I recently asked a colleague and friend about a person whom she had provided considerable help to. Her response was interesting. Besides recounting what she had done for this person, which was considerable and well beyond the call of duty, she noted, She went home and a couple of months later she told me online that she didn't have time for me now that she had friends where she lives who accepted her "as is." That was the last time I had any contact with her. I felt like I had gotten kicked in the gut and then slapped across the face.
In my response, I commented, when you provide support and help to people who are in extremely vulnerable situations they will often reject you over time simply because they don't want to be reminded of their one time dependence on you. I could have also added that “over helping” can make people uncomfortable. Shame goes hand in hand in many of these situations and if they are embarrassed about how they behaved, they may keep their distance.
Shortly after this e-mail exchange, I listened to the On Being Podcast of Adam Grant Successful Givers, Toxic Takes, and the Life We Spend at Work. Couldn’t have been more timely. While his focus is on giving/helping in the workplace, the same rules apply in other areas of one’s life, particularly as it pertains to our kids and when we’re in the role of caregiver.
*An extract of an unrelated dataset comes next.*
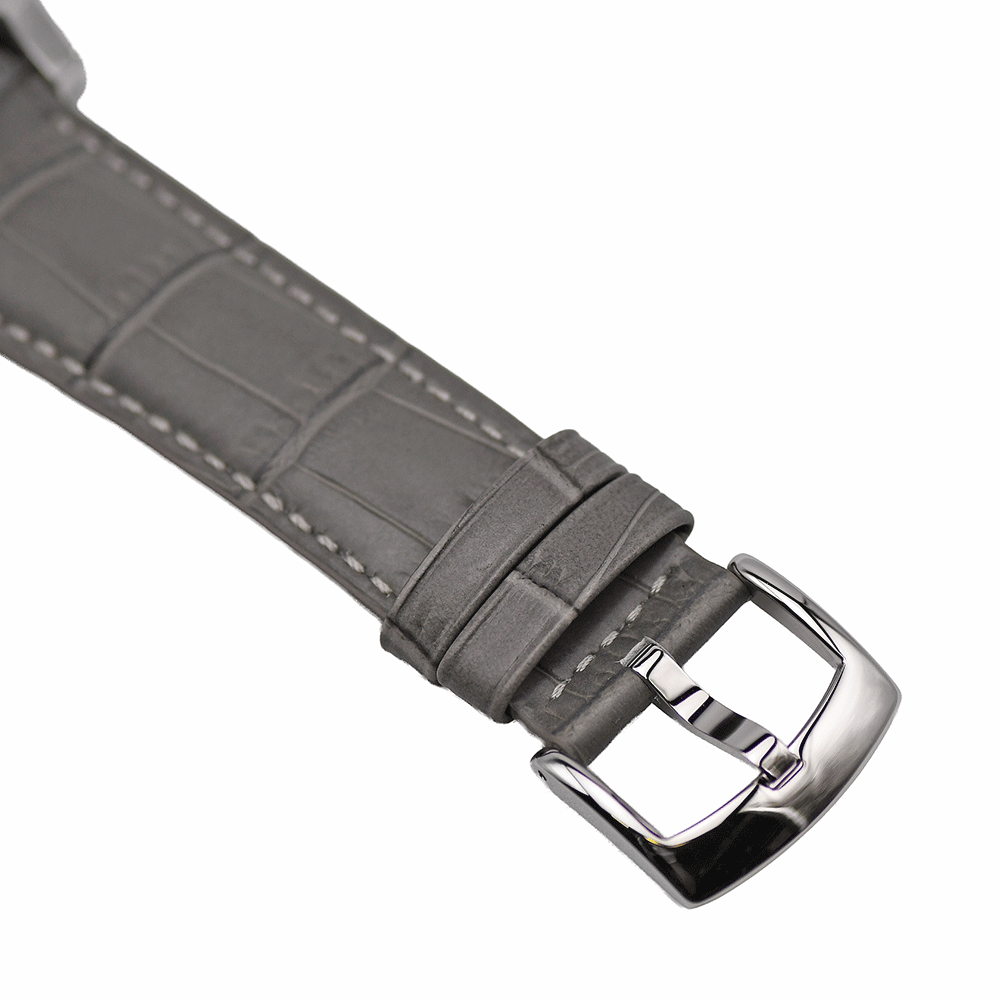当店の専属時計修理業者にて研磨仕上げ済み。文字盤の針に極々軽微なものですが腐食が見受けられます。時計本体の外装に関しては光沢も感じられ、コンディションは概ね良好です。レザーストラップは社外品ですが、新品に交換済みです。

These are two instances where we are more likely to over help and not for the betterment of ourselves or them.
I’ve watched parents literally make themselves sick trying to provide for adult children. Sadly I know more than one caregiver who became ill and died before their charge did. If anything, the following recommendations are most important for those in these situations, because it’s easy to go overboard, forget boundaries and absolutely expect something in return.
In order to be helpful, and avoid being rejected and/or burned out, consider the following:
• Help without the expectation of return or benefit.
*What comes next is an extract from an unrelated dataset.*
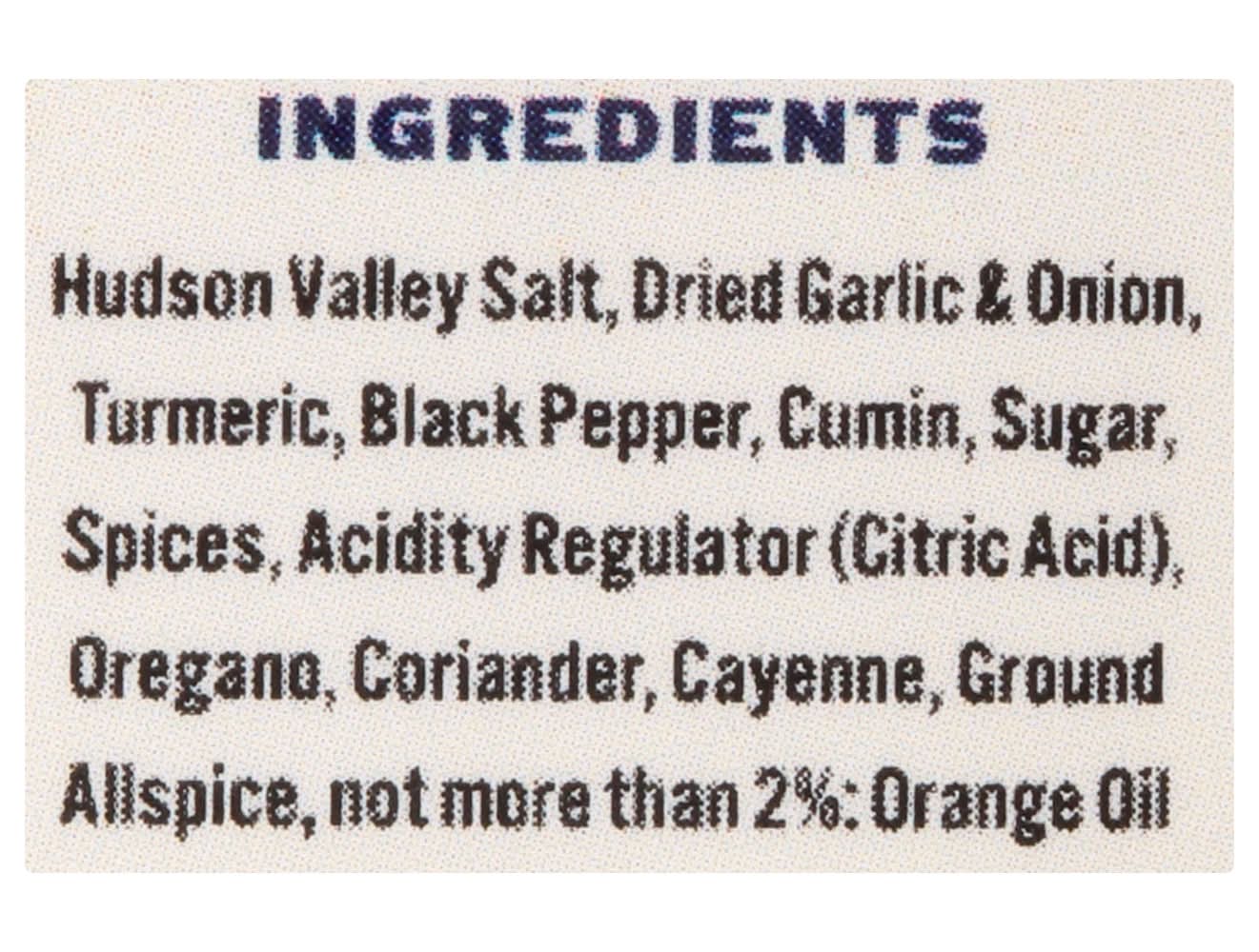 Hudson Valley Salt, Dried Garlic & Onion, Turmeric, Black Pepper, Cumin, Sugar, Spices, Acidity Regulator (Citric Acid), Oregano, Coriander, Cayenne, Ground Allspice, Not More than 2%: Orange Oil

• Be productive in your helping by setting appropriate boundaries, prioritizing who you will help (e.g. family, then job, friends, community, etc.) and in what manner. You can’t be all things to all people. The thinner you spread yourself, the less helpful you become. By the same token, by focusing in areas where you have knowledge and expertise, people are more likely to call on you for that type of help.
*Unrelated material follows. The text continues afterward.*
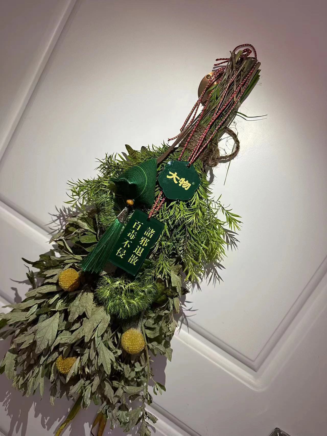 小时候总疑惑,为何端午的艾草非要鲜嫩青翠?后来才懂,这是与时节的和解。农历五月古称“恶月”,阳气鼎盛却虫蛇滋生,古人便以艾为旗、蒲为剑,在门边布一场温柔的“驱邪仪式”。如今我们虽不再惧怕“五毒”,但那一束混着蕲艾、菖蒲与五彩绳的挂饰,依旧让夏日的风穿过时,捎来草木生生不息的密语。有位客人去年把它悬挂书房,年底拆下时发现枯艾依旧形神不散,笑称“连干枯都枯得很有风骨”。

• Understand your own cues when you’re bordering on giving too much or becoming burned out. Such signs may include:
- You start resenting the person
- You find your self saying things like “haven’t I done enough?”
- Caring seems like a waste of energy.
- You feel like nothing you do makes a difference or is appreciated.
• Empathy is a wonderful characteristic but if you continually allow yourself to shift priorities because of other’s needs you may end up short changing yourself. Selfless is not something you can sustain for very long and remain productive and healthy. Keep in mind the flight attendant’s message regarding the need for oxygen-“place the mask on your face first before helping children and others around you.” In short, you are most helpful when your needs are taken care of and you help from a position of strength.
• Solicit others to help. This is particularly important for caregivers and in situations where the need is great.
• They type of help you provide can change relationships. Making a loan to a friend in financial difficulties alters the dynamic of the relationship and not one that can be easily reversed. Think carefully before doing this.
• Helping doesn’t have to be a grand gesture. Adam Grant has coined the phrase of the Five Minute Favor-something you can do because it’s very helpful and it doesn’t take more than five minutes of your time. It can be as simple as sending a check for membership to a condition specific organization or writing a “hope you feel better” card or e-mail.
My favorite quote on the idea of being helpful comes from the film critic Roger Ebert, who wrote the following towards the end of his life. “Kindness” covers all of my political beliefs. No need to spell them out. I believe that if, at the end, according to our abilities, we have done something to make others a little happier, and something to make ourselves a little happier, that is about the best we can do. To make others less happy is a crime. To make ourselves unhappy is where all crime starts. We must try to contribute joy to the world. That is true no matter what our problems, our health, our circumstances. We must try. I didn’t always know this and am happy I lived long enough to find it out.